… We’ve not found a formula to end fuel subsidy – says FG
Nigeria Union of Petroleum and Natural Gas Workers, NUPENG, has pleaded with President Muhammadu Buhari, to use his second term in office to end Nigeria’s reliance on imported petroleum products to meet local consumption.
President of the Union, Prince Williams Akporeha, who spoke in Lagos yesterday, said Nigerians would forever remember President Buhari if he could ensure that the issue of imported petroleum products became a thing of the past before the end of his tenure.
“It is a shame and a serious embarrassment that Nigeria, the 6th leading crude oil producing countries in the world depends on imported products to meet local demands. How long can we continue to live with the issue of subsidy removal and fuel scarcity? How long can we continue to depend on the vagaries of international crude price to determine the prices of the products we consume locally?
“How long will Nigerians continue with this incessant fuel scarcity and fear of fuel scarcity? The report that Nigeria has spent over N6trillion on subsidy for the Premium Motor Spirit (PMS) also known as petrol in the last few years is a serious concern to us as Nigerians and as NUPENG particularly. Nigerians deserve to enjoy the benefits of being an oil producing country.
“As a Union, NUPENG wants to stress that it will be economically suicidal to completely remove subsidy on PMS without putting in place robust palliatives for the citizenry to cushion the effects on the masses.
“However, NUPENG pleads with President Buhari as a patriot whose love for Nigeria and Nigerians remain undiluted and unquestionable, to use his second term in office to permanently end Nigeria’s reliance on imported petroleum products to meet local demands.
“We are urging Mr President to do all within his powers to ensure that the four public refineries are fully rehabilitated to perform at full capacity, as well as ensure that more refineries come on stream to refine products for not only local consumption, but for export as well.
“If the President can do this, Nigerians will forever remember him and be grateful to him. As a Union, we will give the president all necessary supports required from us to put an end to this shame of depending on imported products for local consumption,” Akporeha said.
Meanwhile, the federal government says it is yet to devise a workable formula for the removal of fuel subsidy.
Speaking at the Federal Executive Council meeting on Wednesday, Zainab Ahmed, Minister of Finance, said removal of subsidy would have negative effect on vulnerable Nigerians.

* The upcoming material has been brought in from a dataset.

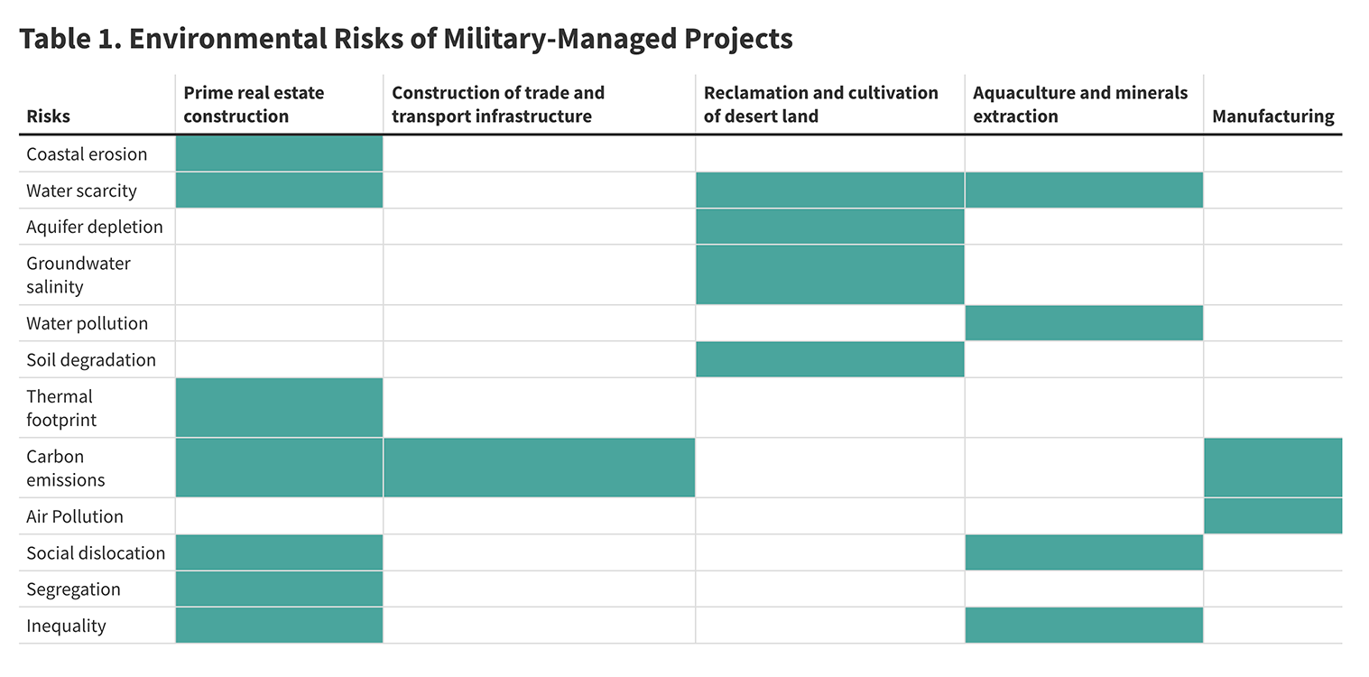 Military-managed activities in the civilian domain are at a particularly high risk of greenwashing—making misleading statements about the environmental benefits of a project so as to obscure and profit from harmful behavior. The Egypt-based public policy research project Alternative Policy Solutions notes, for example, that “Although the government often markets its new urban development projects as eco-friendly, it does not follow an environmental assessment system such as those outlined in its Green Pyramid Rating System (GPRS). . . . In contrast, the government’s architectural model for the new cities shows a preference for high-rise buildings with glass facades, which trap heat and increase the need for energy-consuming cooling systems.”62 The same bulletin points out that the main building material, cement, is highly polluting “since its surface absorbs about 95 [percent] of sun rays and re-emits them back into the atmosphere, significantly raising temperatures,” adding that “very few projects in Egypt rely on less polluting building materials.”

Ahmed explained that while the country appreciates the advice of the International Monetary Fund (IMF), what works for others may not be operable within Nigeria’s context, describing the country as unique.
She said the government is still considering various options and until a decision is reached, no action will be taken.

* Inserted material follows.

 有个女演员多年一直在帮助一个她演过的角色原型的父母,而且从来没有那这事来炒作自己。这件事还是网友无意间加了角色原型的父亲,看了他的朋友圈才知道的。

“In some countries, they provided buses to transport people, in some countries they provide subsidies in a manner that the people that are directly requiring the subsidies.
“We have not found a way to do it. What we are doing now, the subsidy, it is everybody that it benefiting, whereas it is the people who are really vulnerable that need subsidy.

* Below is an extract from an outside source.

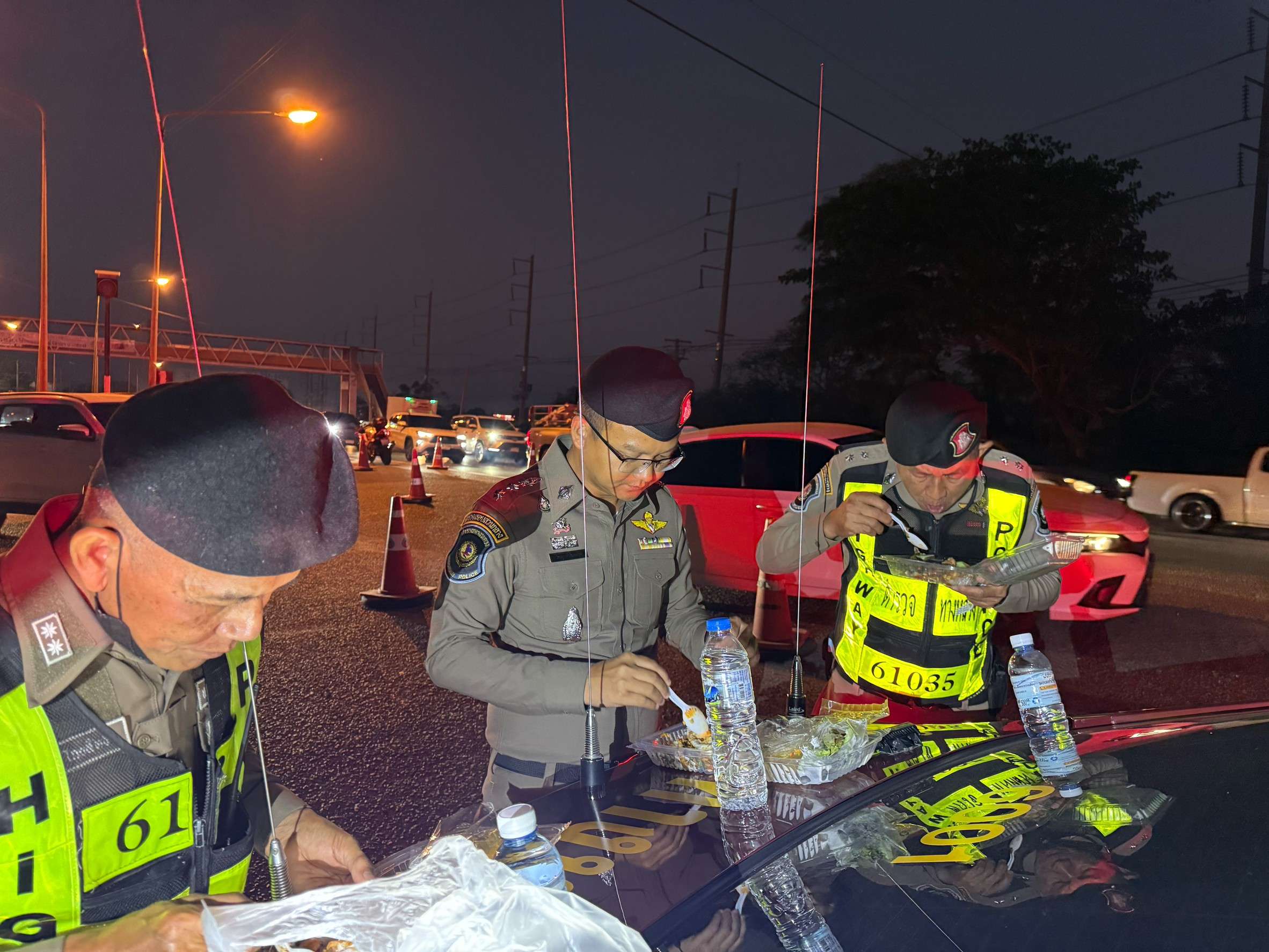 ระหว่างปฏิบัติหน้าที่ เจ้าหน้าที่ไม่สามารถละทิ้งจุดรับผิดชอบได้ จึงร่วมกันรับประทานข้าวกล่องที่นำมาแจกจ่ายบริเวณท้ายรถทางหลวง ควบคู่ไปกับการอำนวยความสะดวกด้านการจราจร เป็นภาพสะท้อนการทำงานเสียสละที่ประชาชนคุ้นเคยดีของตำรวจทางหลวง

“So, in the executive with the support of the legislature, we have to find a formula that will work for Nigeria. And until we do that, we should not be contemplating removing the subsidy because, indeed when we do, there will be people that will suffer. So, we are not yet there.
“We discussed this periodically under the Economic Management Team but we still haven’t found a formula that works for Nigeria. And you know that Nigeria is unique. What works for Ghana might not work here.
“So, it’s still work in progress for and there is no intention to remove fuel subsidy at this time,” Ahmed said.
It would be recalled that Christine Lagarde, Managing Director of the IMF had advised Nigeria and other countries to remove fuel subsidy, saying the money spent on subsidy can be redirected to health and education.
Four days after making the suggestion, Ibe Kachikwu, Minister of State for Petroleum Resources, said the landing cost of petrol is now N180 per litre, with the federal government spending N1.86bn on subsidy daily.